"Not literally, I suppose?" Dick said, with contempt. "Look here, Mr. Mawdster, when you've quite emptied yourself of swear-words, you will oblige me by naming the amount of my bill. I want to pay it and go!"

"Bluff!" scoffed the printer. "Why should I waste time making out a bill—what proof have I that you can pay it?"

"'To Simple Simon said the Pieman,
First show me your penny',"

Dick quoted, with a laugh, which drew the printer into a fresh outburst of abuse. "So be it; here is the money, Mr. Mawdster, in my hand. Take a good look at it."

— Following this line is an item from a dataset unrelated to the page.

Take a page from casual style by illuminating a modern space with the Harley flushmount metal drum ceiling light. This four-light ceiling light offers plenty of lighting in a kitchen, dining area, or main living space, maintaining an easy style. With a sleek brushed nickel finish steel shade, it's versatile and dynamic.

It was the act of a novice in the game of commercial poker to lay his cards on the table like that. The printer stared at the notes, and with rapid mental arithmetic summed up their approximate value. Then he took full advantage of his opponent's youthful inexperience.

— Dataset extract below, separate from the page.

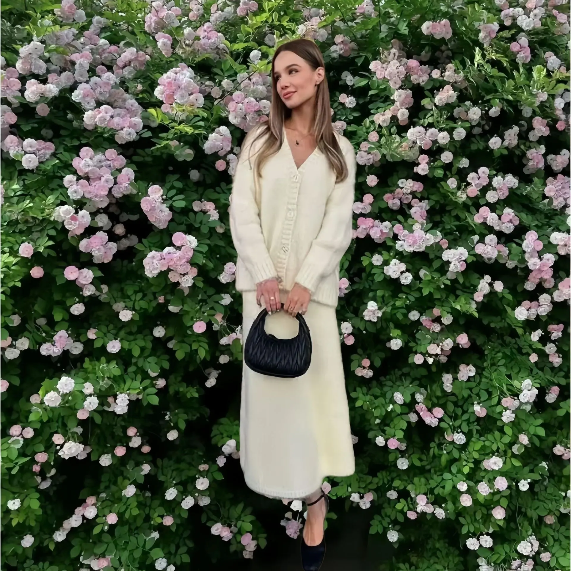 Temperament V-neck Sweater Cardigan Coat Skirt Suit - White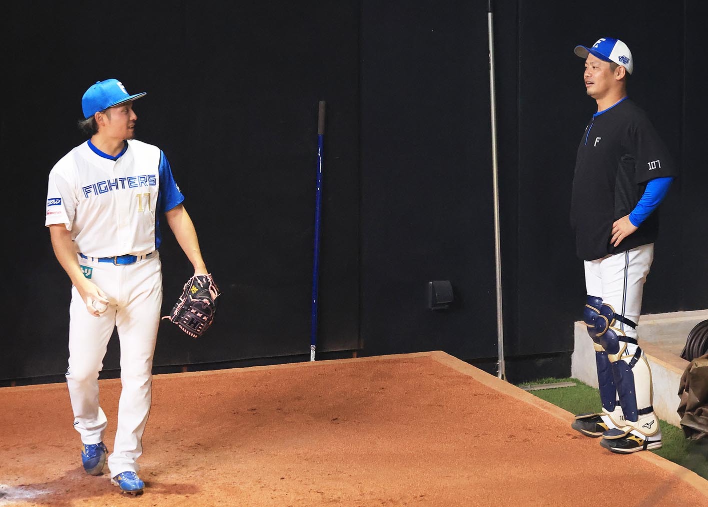 「生え抜きの右ピッチャーでエースは上沢がいた。大海が入ってきた頃、アイツは律義なので『上沢さん、もうやりました?』『上沢さんの後、お願いします』って感じで。上沢を立てるところがあった」。先輩右腕がキャッチボールを終えてから、ボールを受けてもらうのが日課だった。

"My account comes to thirty pounds, four shillings, and sixpence," he said. "Very reasonable, too, allowing for the dearness of paper and labour."

A boy of shrewder business instincts—Roger Cayton, for instance—would have haggled over that figure and possibly secured some reduction. But Dick, though suspicious that he was being overcharged, made no protest. Out of his scanty store of pocket-money he added four-and-sixpence to the notes Smithies had lent him, and laid the full amount on the desk.

Mr. Mawdster made for the cash as a greedy sparrow darts down on crumbs of cake, but Dick quietly put his school-cap over the little pile.

"Pardon me, Mr. Mawdster, but I'll keep this company till you bring the receipt," he said.

"Most insulting," snapped the printer.